O desprezo pela integridade física e emocional das crianças e a falta de uma escola pública forte, capaz de suprir o que lhes falta em casa e na vizinhança em termos culturais e de socialização sadia, são as maiores dívidas do Brasil para com seu povo e dados basais da tragédia que vivemos. Mas não parece que a evasão escolar seja a causa do fenômeno em tela: as crianças e adolescentes permanecem, hoje, muito mais anos na escola (ruim) do que nas décadas de 70 e 80 – para não falar nas de 50 e 60, quando era comum que o início da vida laboral ou o insucesso no exame de admissão ao ginásio encerrassem o ciclo escolar aos 10/11 anos de idade. Ainda que a evasão escolar seja um dado importante na vida dos autores dos crimes pesquisados por Rolim, ela caiu enquanto tais crimes aumentavam.

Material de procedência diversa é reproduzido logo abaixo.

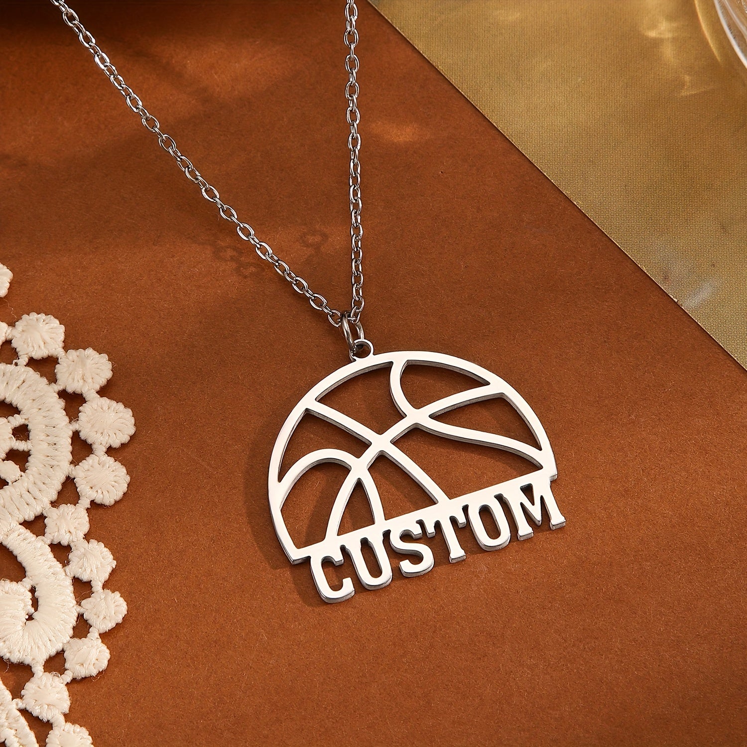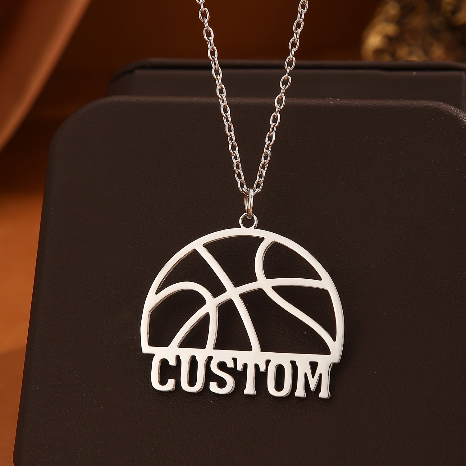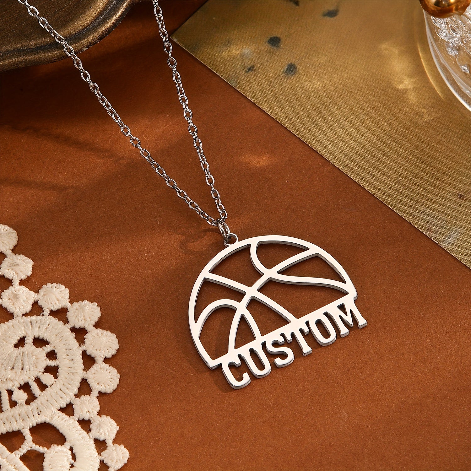 This pendant necklace features a hollow basketball design with customizable letters and names, perfect for sports enthusiasts. A unique and creative gift idea!

Drogas – Uma parte enorme dos assassinatos no Brasil está associada à cocaína e seus subprodutos (não à maconha e outras drogas). De todas as variáveis analisadas, esta é a única cujo crescimento coincide no tempo com a escalada de crimes de morte.
Vários são cometidos sob o efeito delas ou da ânsia causada por sua abstinência, e muitos mais na disputa por pontos de varejo, punição a devedores e outras desavenças vinculadas à sua compra e venda – inclusive extorsões e queimas de arquivo [3] perpetradas por policiais contra pequenos traficantes e usuários.
Todavia, embora sejam um forte catalisador da violência, essas substâncias não explicam, sozinhas, a dimensão que ela assumiu em nosso país. Seu comércio – atividade, em si, não violenta – existe no mundo inteiro, mas só aqui e em alguns países da América Central se faz acompanhar por tal letalidade. Mesmo no México, considerado em colapso por causa do narcotráfico, há em torno de 20 homicídios por 100 mil pessoas – e não 30, como aqui.
Raízes profundas
Como raízes mais profundas do fenômeno, restam dois aspectos da dinâmica social brasileira:
1 – O legado de uma instituição brutal que foi, aqui, particularmente violenta: a escravidão. No Brasil, o Estado, as classes dominantes e a maior parte dos setores médios nunca reconheceram valor algum à vida das massas negras e pardas, vistas ora como mercadoria, ora como ameaça a ser reprimida ou eliminada; nem das massas camponesas, submetidas à servidão ou expulsas da terra para se juntar, na cidade, aos descendentes de escravos.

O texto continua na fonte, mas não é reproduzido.